— REQUIRED ACTION —
The required output is every line from the one containing "檢查現場,劉總一行通過實地檢" through the last line of the listing below, copied exactly, pictures excluded.

— DATA BELOW —
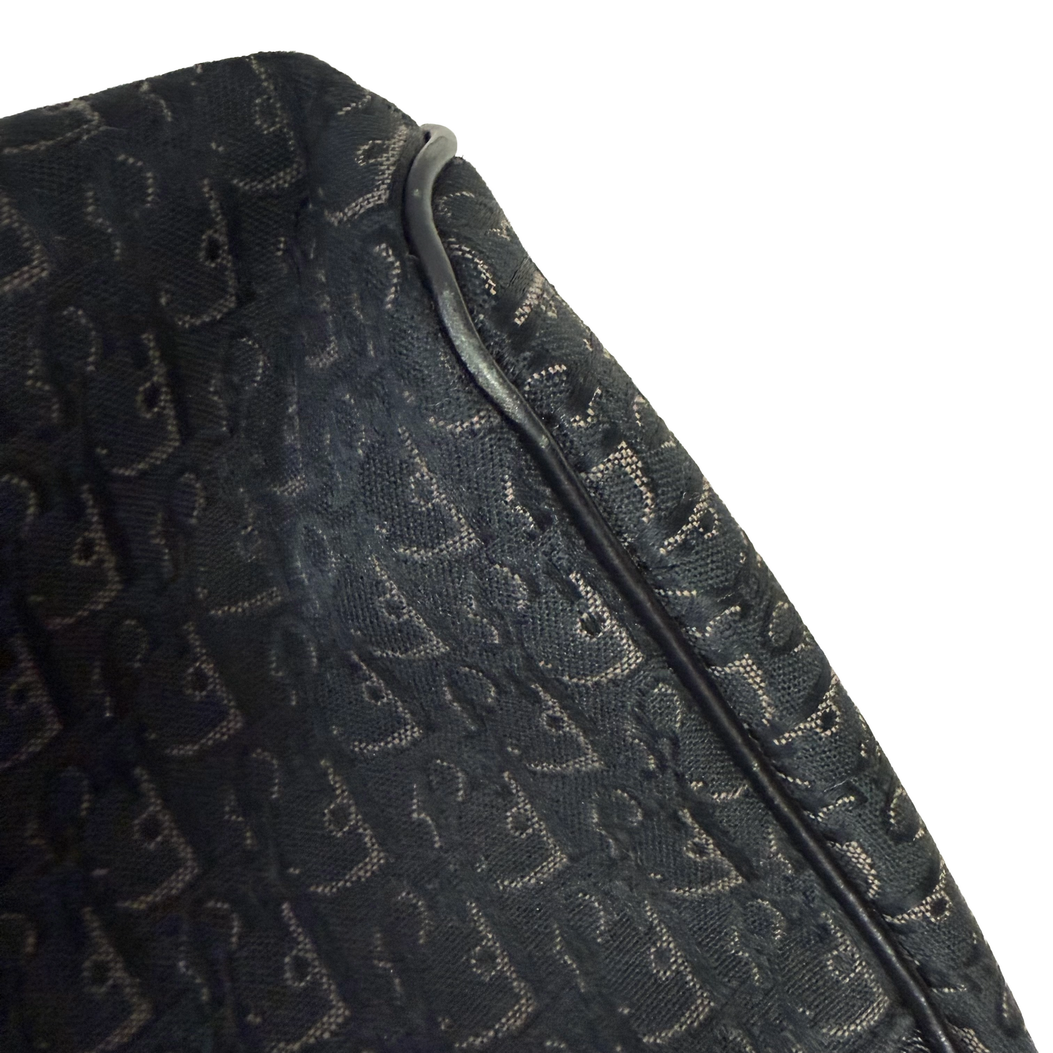 A timeless vintage Christian Dior zip tote crafted in the house’s iconic black monogram canvas, accented with sleek black leather trim and top handles. The structured rectangular silhouette offers a refined yet practical design, ideal for daily use or travel. Finished with a secure top zip closure and a spacious interior featuring breathable mesh lining, this piece reflects Dior’s understated elegance and functional luxury. A versatile archival style that blends classic branding with modern utility.
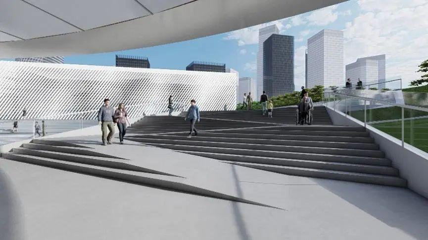 地铁站点的地下通道网延伸到了滨海客厅的地下,形成大面积地下活动空间。
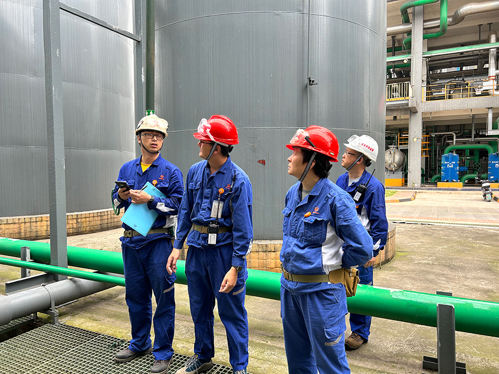 檢查現場,劉總一行通過實地檢查,詳細了解裝置運行、應急設施及安全標準化等工作的落實情況,幫助工段排查出在自主管理過程中的漏點及隱患。
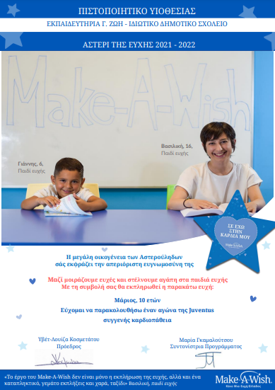 Είμαστε ιδιαίτερα χαρούμενοι που οι μαθητές του Σχολείου μας θα πραγματοποιήσουν την ευχή ενός παιδιού που πάσχει από σοβαρή για τη ζωή του ασθένεια. Η ευχή του μικρού Μάριου θα εκπληρωθεί, και θα παρακολουθήσει έναν αγώνα της Juventus, που τόσο πολύ επιθυμεί.

— RESPONSE AREA —
 檢查現場,劉總一行通過實地檢查,詳細了解裝置運行、應急設施及安全標準化等工作的落實情況,幫助工段排查出在自主管理過程中的漏點及隱患。
 Είμαστε ιδιαίτερα χαρούμενοι που οι μαθητές του Σχολείου μας θα πραγματοποιήσουν την ευχή ενός παιδιού που πάσχει από σοβαρή για τη ζωή του ασθένεια. Η ευχή του μικρού Μάριου θα εκπληρωθεί, και θα παρακολουθήσει έναν αγώνα της Juventus, που τόσο πολύ επιθυμεί.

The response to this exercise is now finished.